When it comes to tonight's dinner, you can either call your local Chinese takeout joint, or you can make our recipe for General Tso's Cauliflower. Oh, what's that? You want to make our cauliflower recipe? Well, you chose right. Our version is spicy-sweet like the original but will please meat-eaters and vegetarians alike. (For the record, leftovers taste fantastic--that is, if there are any.)

What to drink it with: A red wine that can play along with the slightly sweet nature of the dish, like a bottle of Cabernet Sauvignon.

4 servings


½ cup all-purpose flour

⅓ cup cornstarch

¾ teaspoon baking powder

1 teaspoon salt

2 eggs

3 tablespoons soy sauce

1 tablespoon rice vinegar

½ cup neutral oil (like peanut or vegetable)

1 head cauliflower, cut into bite-size florets 


2 teaspoons sesame oil

6 scallions, white part finely sliced, green part chopped into 1-inch pieces

3 cloves garlic, minced

1 tablespoon minced ginger

5 small dried chiles (optional)

¼ cup vegetable broth

¼ cup soy sauce

3 tablespoons rice vinegar

2 tablespoons mirin

3 tablespoons sugar

1 tablespoon cornstarch

Sesame seeds, for garnish (optional)

1. Prepare the Cauliflower: In a medium bowl, whisk the flour, cornstarch, baking powder and salt to combine. In a liquid measuring cup, whisk the eggs, soy sauce and vinegar to combine. Slowly pour the egg mixture into the flour, whisking constantly. You should end up with a thick but still dip-able batter (thin with a little water if needed). 

2. Heat the oil in a medium cast iron skillet until very hot (you can test it by dropping a small amount of batter into the oil--it should immediately sizzle and float).

3. Dip each piece of cauliflower fully in the batter, then place in the oil. Pan-fry the cauliflower until it’s golden on all sides, 4 to 5 minutes. Drain on absorbent paper towels.

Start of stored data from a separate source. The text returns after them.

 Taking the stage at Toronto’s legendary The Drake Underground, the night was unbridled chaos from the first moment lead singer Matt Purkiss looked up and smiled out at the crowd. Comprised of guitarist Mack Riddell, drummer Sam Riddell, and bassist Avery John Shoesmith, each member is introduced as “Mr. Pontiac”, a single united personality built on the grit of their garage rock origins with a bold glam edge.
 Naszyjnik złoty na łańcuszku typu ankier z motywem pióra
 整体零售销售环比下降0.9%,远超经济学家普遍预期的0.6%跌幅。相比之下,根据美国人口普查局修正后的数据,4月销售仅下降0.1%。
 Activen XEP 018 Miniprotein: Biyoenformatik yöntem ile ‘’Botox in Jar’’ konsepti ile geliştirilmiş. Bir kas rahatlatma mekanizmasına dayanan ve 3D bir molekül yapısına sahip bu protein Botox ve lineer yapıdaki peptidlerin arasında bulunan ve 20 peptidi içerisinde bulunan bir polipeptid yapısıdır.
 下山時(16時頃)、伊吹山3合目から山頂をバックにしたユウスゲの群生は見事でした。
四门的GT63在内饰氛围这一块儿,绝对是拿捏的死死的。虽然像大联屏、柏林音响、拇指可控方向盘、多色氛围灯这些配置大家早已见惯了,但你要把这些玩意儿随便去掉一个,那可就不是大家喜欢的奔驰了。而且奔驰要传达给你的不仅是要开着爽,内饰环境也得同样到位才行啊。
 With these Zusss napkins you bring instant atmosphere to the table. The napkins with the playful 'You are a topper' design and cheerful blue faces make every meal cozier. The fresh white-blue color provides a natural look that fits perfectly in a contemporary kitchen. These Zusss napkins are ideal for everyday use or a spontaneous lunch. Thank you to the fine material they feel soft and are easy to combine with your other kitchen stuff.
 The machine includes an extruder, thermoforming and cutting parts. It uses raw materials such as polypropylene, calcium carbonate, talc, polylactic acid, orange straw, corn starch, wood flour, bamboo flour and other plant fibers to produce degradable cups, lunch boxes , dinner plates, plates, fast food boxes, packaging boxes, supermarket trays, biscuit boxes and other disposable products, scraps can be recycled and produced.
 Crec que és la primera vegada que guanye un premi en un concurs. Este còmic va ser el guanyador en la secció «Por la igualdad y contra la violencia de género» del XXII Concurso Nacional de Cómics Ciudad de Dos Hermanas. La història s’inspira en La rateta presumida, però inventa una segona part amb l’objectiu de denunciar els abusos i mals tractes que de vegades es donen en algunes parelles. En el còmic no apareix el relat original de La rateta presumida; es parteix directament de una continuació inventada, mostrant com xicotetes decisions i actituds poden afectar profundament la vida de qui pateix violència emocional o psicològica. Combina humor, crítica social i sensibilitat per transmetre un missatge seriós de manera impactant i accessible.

4. Make the Sauce: In a medium pot, heat the sesame oil over medium heat. Add the finely-chopped white scallions, garlic, ginger and chiles, and cook until fragrant, 1 to 2 minutes.

5. Add the broth, soy sauce, rice vinegar and mirin, and bring to a simmer over medium heat. Simmer for 5 minutes.

6. In a small bowl, whisk the sugar and cornstarch to combine. Pour about ¼ cup of the hot sauce over the mixture, whisking constantly until the mixture is smooth and lump free. Return the mixture to the pot and bring to a simmer. Stir in the large pieces of green scallion.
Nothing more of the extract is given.